High-iron noshing wasn’t a new idea; some railroad rulebooks even included recipes for cooking on coal scoops. Nevertheless, Reader took the tradition Santa Margarita, where it found fast friends in the cowboys who resided at the Ranch. The vaquero, as they’re known, who have grazed in the region over a span of three centuries, are master cuisiniers in their own right. It was these very vaquero who gave us the Santa Maria-style cookout–a brilliant, minimalist approach to barbecue centered around spice-rubbed tri-tip some claim to be the very inspiration for modern California cuisine.
The cowboy and the steam railroader, common men of the past and now iconoclasts of the present, coalesced over this common love of outdoor cooking. Cattlemen grazing the Rancho and the crew of the Pacific Coast Railroad Company frequently indulged in Phil’s savory steaks and Dutch Oven stews. Young college-age firemen with their growing “starving student” appetites were always encouraged to eat more, with the scraps saved for a trio of pouncing pugs. Rarely did one ever leave hungry–nor without a good story. After dinner, with the coals still hot, the Hibachi assumed its second role as a fire pit, setting the perfect mood for tales of steam, spirits and the Rancho’s fascinating 200+ year history.
As these gatherings of grilled glee garnered even larger audiences, Phil began building more Hibachis for family and friends–even charity auctions across California. One such offering caught the attention of the then-Chairman of the California Restaurateur’s Association, who, after being outbid, commissioned Phil to construct him a custom CBH to call his own. True to the nature of any handmade product, each subsequent model CBH carried new, different and improved features. Standard stock sported a square adjustable grill grate, hand rotisserie, dutch oven hooks and hand-forged grilling tools. Next came damper control, cleverly-designed linkage to hold and pour campfire coffee pots and handles crafted from old horseshoes. Blacksmith work become increasingly intricate. Smaller discs were used to produce smaller models, one a scouting buddy was determined to carry from campsite to campsite on his back. Another, a collaborative project with an apprentice designed for an East Coast vacation home, sported a nautical motif, complete with an anchor-shaped tool holder, dock cleat handles and a lipped, oversize base bowl reminiscent of an old whaling pot. Each CBH was truly one of a kind.

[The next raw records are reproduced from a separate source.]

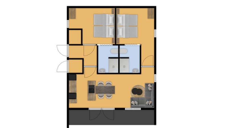 Bathroom The bungalow has two bathrooms. Both bathrooms are equipped with a shower, washbasin and toilet.
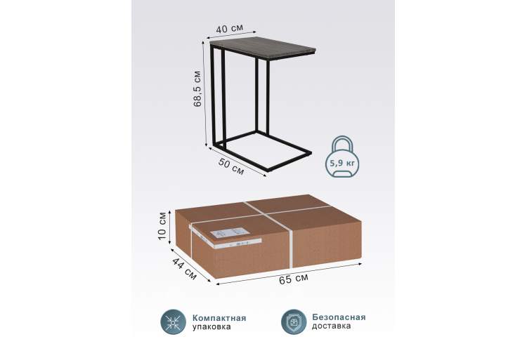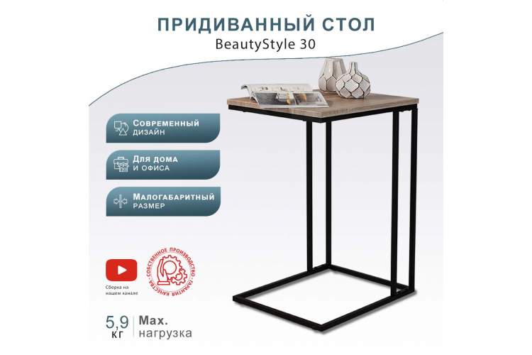 Стол придиванный BeautyStyle 30 дуб сонома/черный
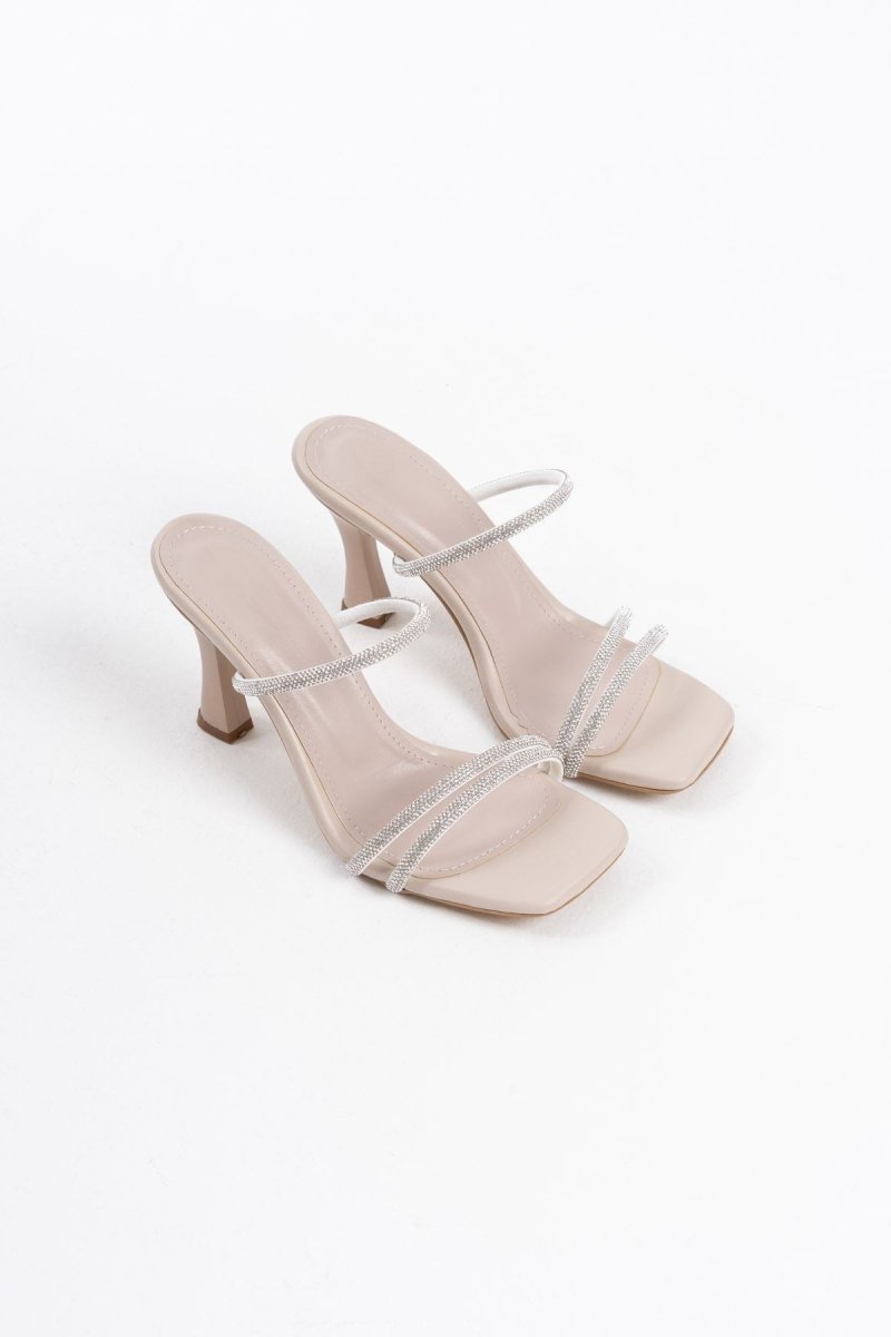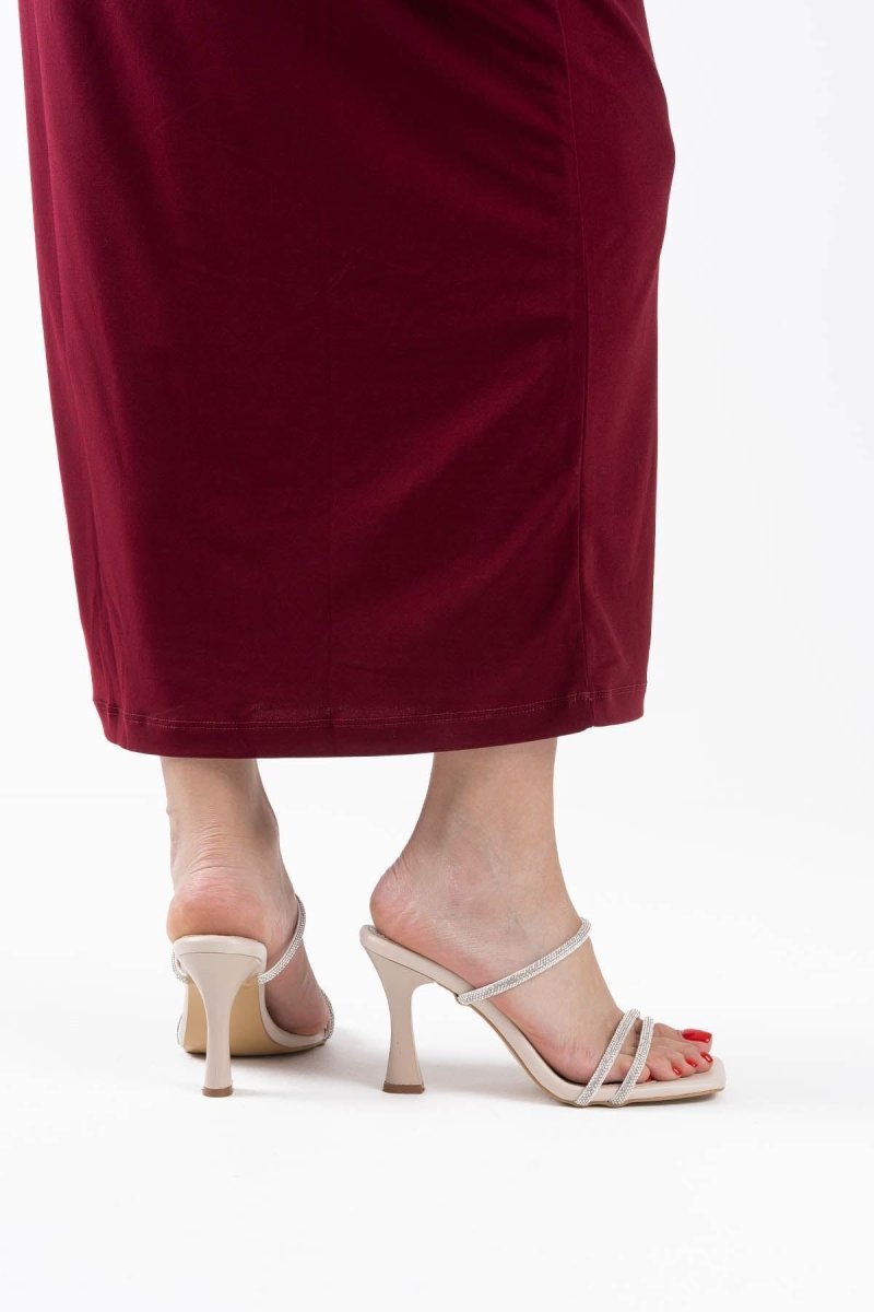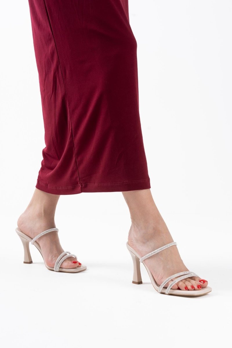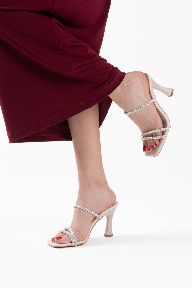 Scarpax Alvina Bej Taşlı İnce Bantlı Kadın Topuklu Terlik
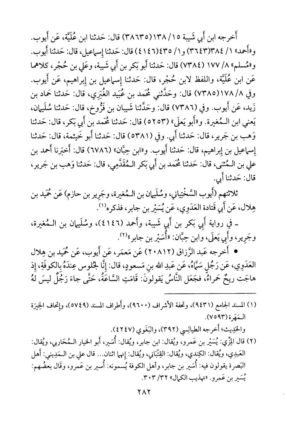 و «مسلم» ٨/ ١٧٧ (٧٣٨٤) قال: حدثنا أَبو بكر بن أبي شيبة، وعلي بن حُجْر، كلاهما عن ابن عُلَية، واللفظ لابن حُجْر، قال: حدثنا إسماعيل بن إبراهيم، عن أيوب. وفي ٨/ ١٧٨ (٧٣٨٥) قال: وحدثني محمد بن عُبيد الغبري، قال: حدثنا حماد بن زيد، عن أيوب. وفي (٧٣٨٦) قال: وحدثنا شَيبان بن فَرُّوخ، قال: حدثنا سليمان، يعني ابن المغيرة. و «أَبو يَعلى» (٥٢٥٣) قال: حدثنا محمد بن أَبي بكر، قال: حدثنا وهب بن جرير، قال: حدثنا أبي. وفي (٥٣٨١) قال: حدثنا أَبو خيثمة، قال: حدثنا إسماعيل بن إبراهيم، قال: حدثنا أيوب. و «ابن حِبَّان» (٦٧٨٦) قال: أخبرنا أحمد بن علي بن المثنى، قال: حدثنا محمد بن أَبي بكر المُقَدَّمي، قال: حدثنا وهب بن جرير، قال: حدثنا أبي.
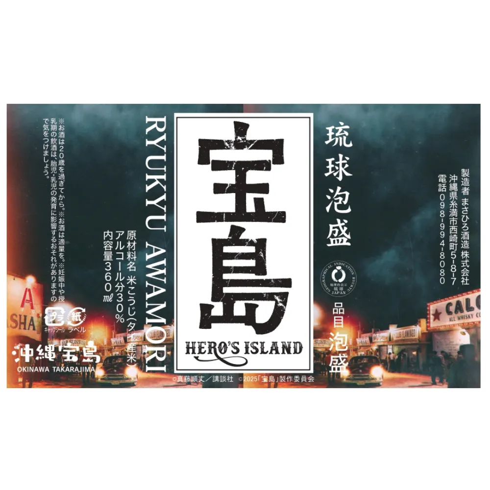沖縄を代表するまさひろ酒造の泡盛に、映画タイトルと沖縄の力強い意匠をあしらい、作品の世界観を表現した特別ラベル仕様。華やかな香りとすっきりキレのある味わいでストレートでもカクテルベースでも楽しめます。

The eclectic fusion of ferroequine and cattle-driving cuisine the Cowboy Hibachi creates continues to delight from California to Colorado to New England. To date, some 20+ have been built with plans for many, many more. Despite all its railroad roots, the CBH remains most true to the ways of the vaquero. These morally-upright cattle drivers were model sustainable citizens whose foresight and stewardship of the land preserved it for all to enjoy. It took a railroader to build it, but with virtually element recycled and repurposed, Phil’s grills in every way embody their spirit in making the most of the land by taking the least from it and existing for so many to enjoy. After all, it is the Cowboy Hibachi!